I’ve heard everything from “are you insane?” to, “are they ALL yours??” what we were you thinking?” to the worst one…” you poor woman”‘, I rarely tell them I actually have 10… 5 here and 5 in Heaven.
I’ve learned to laugh it off, but it still hurts, every time. I’ve answered with ” no, they aren’t all mine I just like to gather the neighborhood kids and take them grocery shopping with me”, ~ One cashier at the grocery store said…”My you must really like kids” to which I replied…Nope it is just the sex I like. That left her speechless!
Now, ironically, 20 years ago, I had to bear the questions ” so, when are you going to have a baby?” ” Haven’t you two figured it out yet?”.. I had no quick comebacks, I was wondering the same thing. All I wanted to be was a wife and mother! I mostly just answered honestly with, “actually we are trying”, or “well, I’m recovering from a miscarriage, so hopefully one day soon”. Those answers taught me to NEVER ask someone when they were going to have a baby.

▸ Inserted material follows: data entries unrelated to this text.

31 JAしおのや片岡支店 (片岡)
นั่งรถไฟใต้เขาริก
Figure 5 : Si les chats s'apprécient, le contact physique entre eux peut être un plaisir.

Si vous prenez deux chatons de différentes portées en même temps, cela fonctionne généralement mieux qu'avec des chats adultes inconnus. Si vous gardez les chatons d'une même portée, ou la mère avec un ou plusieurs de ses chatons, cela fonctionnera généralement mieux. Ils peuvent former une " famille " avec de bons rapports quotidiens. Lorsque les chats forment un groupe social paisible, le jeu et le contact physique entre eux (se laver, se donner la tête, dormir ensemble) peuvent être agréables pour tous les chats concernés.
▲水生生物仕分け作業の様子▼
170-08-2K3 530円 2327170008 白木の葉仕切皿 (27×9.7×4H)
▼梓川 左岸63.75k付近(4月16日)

We spent the first few years of our marriage dealing with first, infertility, and then miscarriages. I can’t tell you which is worse, never being pregnant, or having to deal with the grief of losing a little life. I knew God had given me the vocation of marriage and motherhood, why would he not give me the babies? We decided to go to an infertility specialist and he got me started on fertility pills, they were horrible, I became a different, angry woman. The hormones were more than my emotions could bear. I quickly went off them, as I was not a nice person to live with, my poor husband!

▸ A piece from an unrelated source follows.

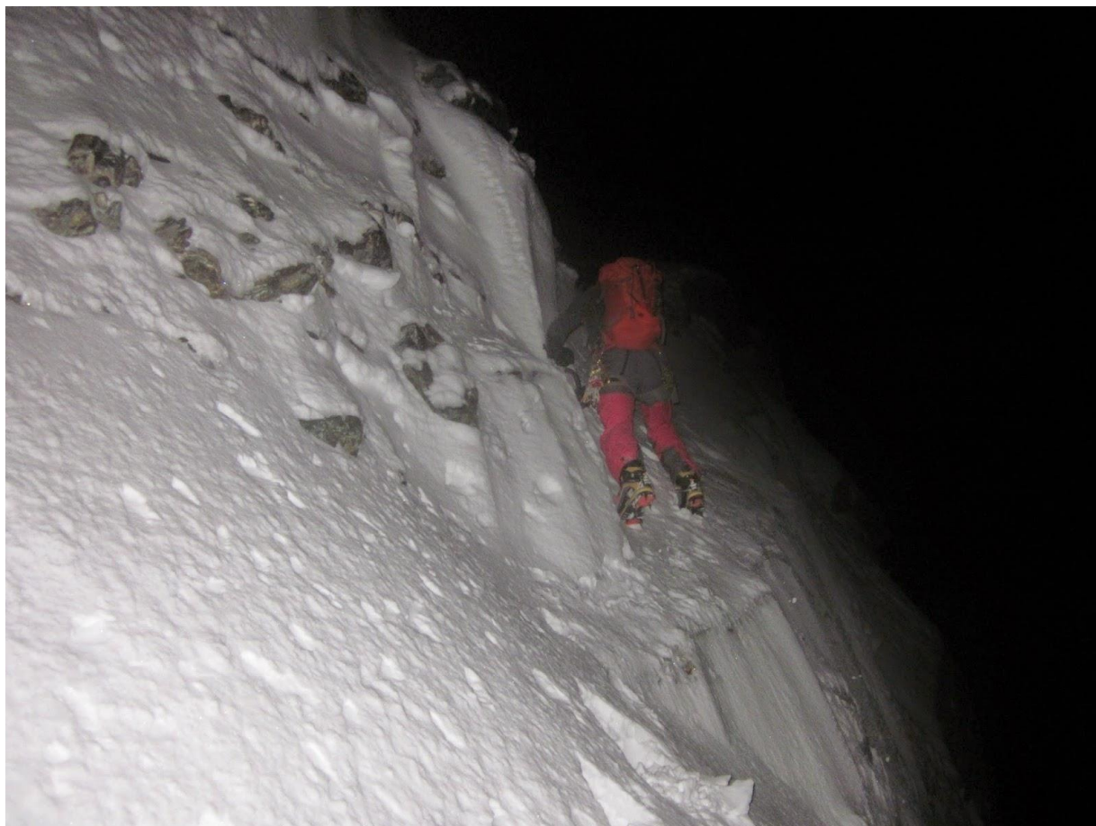
Techninio lipimo pradžia.

When we first found out we were pregnant, drug free, in 1994 we were ecstatic! We couldn’t believe we had finally conceived! We announced it to everyone and thanked God for finally blessing us with a baby. This joy ended quickly when we learned it had not made it much past fertilization. It was completely devastating. I went through pretty much all of those stages of grief they tell you about. But I was never really angry. Just really, really sad. It hurt – like, physically made my heart ache. I allowed myself to feel whatever emotions I needed to feel. I balled up on the floor and just cried and cried. The sadness came in waves. One day I would be totally fine and accepting of what had happened, and the next day I would have moments where I just needed to cry for a while. We had prayed for and wanted that baby so badly, we would never be able to hold that little child or watch him grow up.. I thought about the life that would never be, and what that life might have been like. The birthday parties and milestones that would never happen. Sure, maybe we could have another baby, but we’d never have that baby.

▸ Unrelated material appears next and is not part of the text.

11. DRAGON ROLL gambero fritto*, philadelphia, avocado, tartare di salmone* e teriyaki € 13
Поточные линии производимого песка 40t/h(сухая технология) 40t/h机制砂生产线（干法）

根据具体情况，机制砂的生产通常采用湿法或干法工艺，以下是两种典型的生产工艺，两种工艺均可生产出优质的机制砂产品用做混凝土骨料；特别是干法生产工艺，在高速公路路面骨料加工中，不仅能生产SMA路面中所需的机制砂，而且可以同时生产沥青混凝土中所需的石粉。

I carried on, trying to live life as ” normal”. I filled my life with great people and things to do. In January, 1995, we found out again that we were expecting.
New hope and joy, and cautious optimism grew into reality as I made it, week after week, no problems! I worked in a preschool and of course caught a cold, and one day at 10 weeks I was in bed, coughing, I felt a pop, and a gush, and knew, it was my water. I went to the doctor and heard the baby’s heartbeat. All was well -for now. I was put on bed rest and we prayed, hoping the water would replace itself. Every two days we went back to have a listen, and it was still strong. 2 weeks weeks went by, then one night I woke up, not for any reason, but with an empty knowledge that the baby was gone. That morning at the doctor, there was no heartbeat. He sent us for an ultrasound to confirm, and we got to see our baby, perfectly perfect on the screen.
SU-CHIN (calling out) Juno! Your baby probably has a beating heart, you know. It can feel pain. And it has fingernails.
JUNO Really? Fingernails?
We wept and wept, and the radiologist left us alone with tears in his eyes. He said his daughter had just turned 1 that day, and he was so sorry for us. That was a gift to us – not all doctors are as sensitive. I thanked him later in a letter.
We went home and waited for things to happen. A small cramp a few days later took me to the bathroom to see my baby, on his way out. I caught him in my hand and screamed to my husband. He came running and saw the baby, tiny little arms, legs and even fingernails. And it looked like a boy. We named him Michael and sat for hours, there in the bathroom, holding him, crying, praying, and marvelling at God’s handiwork. Finally we found a little box, and buried him by the Magnolia tree we planted for our first baby, we had named Maggie.
It was April, just after Easter, and I was in a numb, shock like state. One day, feeling at my worst, I went for a walk in the forest near my home and found myself beside a stream surrounded by trilliums. Feeling alone enough and safe to cry out loud, I began to really cry,and then yell. Really yell out loud at God. I wailed and imagined myself hitting his chest and screaming “Why??” In the beauty of the forest, I sensed God’s presence. I sensed him saying it was okay to let it out, to be mad, that he could handle it.
I cried until there were no tears left. In the quiet, I sat empty watching the stream, wondering how I was going to move on. I felt so helpless. I had no way to protect these babies I was given. Never had I ever surrendered my life to God. I thought I was in control. I went to my knees and gave God my life, and felt myself resting in his arms. I asked him to make something good come out of my pain. At that time, I did not even know how He would do this?
My husband suggested we get away for a while, from the well meaning “how are you’s”, and “I’m sorry’s”. We took a road trip to Saskatchewan. Hours and hours of driving in comfortable silence, talking about it when I needed to and crying when I needed to. It was a quiet time of healing, just me and my hubby, who knew what I needed most.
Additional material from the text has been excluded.